** DATA EXTRACTS **
————————
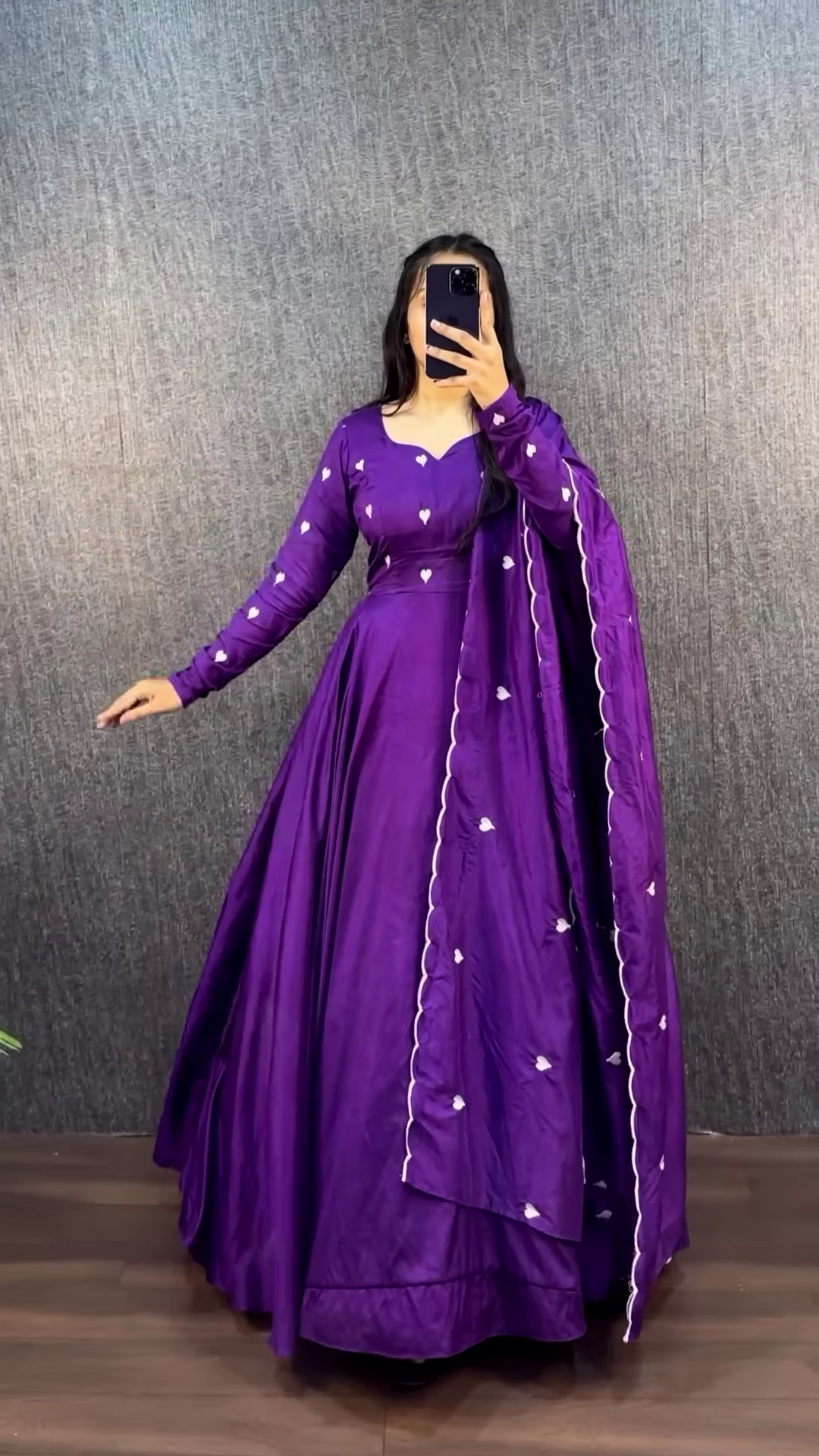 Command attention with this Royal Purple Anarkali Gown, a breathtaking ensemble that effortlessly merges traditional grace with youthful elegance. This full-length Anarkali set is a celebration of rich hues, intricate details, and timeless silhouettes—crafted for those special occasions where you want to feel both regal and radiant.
————————
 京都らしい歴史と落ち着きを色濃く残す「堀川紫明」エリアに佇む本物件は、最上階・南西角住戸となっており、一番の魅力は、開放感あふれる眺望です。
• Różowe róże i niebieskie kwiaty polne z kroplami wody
————————
** WORK TO COMPLETE **
In the material above, locate the line containing "京都らしい歴史と落ち着きを色" and the line containing "z kroplami wody". Transcribe exactly those two lines and every line between them, and nothing more.

** SOLUTION FOR THIS EXERCISE **
 京都らしい歴史と落ち着きを色濃く残す「堀川紫明」エリアに佇む本物件は、最上階・南西角住戸となっており、一番の魅力は、開放感あふれる眺望です。
• Różowe róże i niebieskie kwiaty polne z kroplami wody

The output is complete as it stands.